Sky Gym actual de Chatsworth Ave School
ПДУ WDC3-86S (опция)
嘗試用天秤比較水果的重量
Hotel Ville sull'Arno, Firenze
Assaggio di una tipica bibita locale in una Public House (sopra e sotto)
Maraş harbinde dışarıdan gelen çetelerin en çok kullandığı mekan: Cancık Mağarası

==

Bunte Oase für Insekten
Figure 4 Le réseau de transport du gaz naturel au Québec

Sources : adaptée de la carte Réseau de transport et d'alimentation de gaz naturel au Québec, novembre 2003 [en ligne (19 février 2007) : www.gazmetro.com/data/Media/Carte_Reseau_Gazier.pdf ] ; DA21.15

...

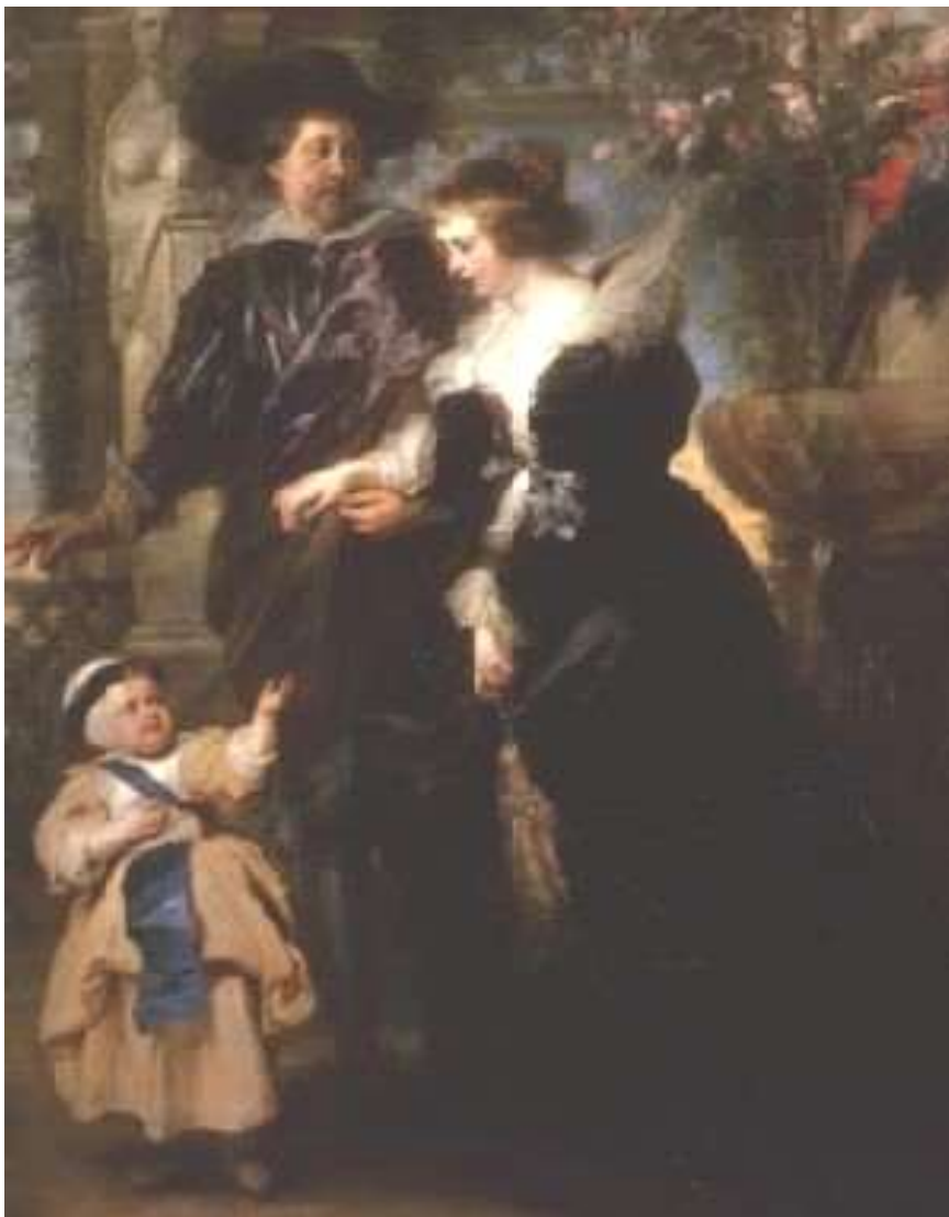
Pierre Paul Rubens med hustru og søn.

Task brief:
Copy the entries above exactly, but only from the line holding "Figure 4 Le" through the line holding "Sources : adaptée", both included.

Response to this exercise:
Figure 4 Le réseau de transport du gaz naturel au Québec

Sources : adaptée de la carte Réseau de transport et d'alimentation de gaz naturel au Québec, novembre 2003 [en ligne (19 février 2007) : www.gazmetro.com/data/Media/Carte_Reseau_Gazier.pdf ] ; DA21.15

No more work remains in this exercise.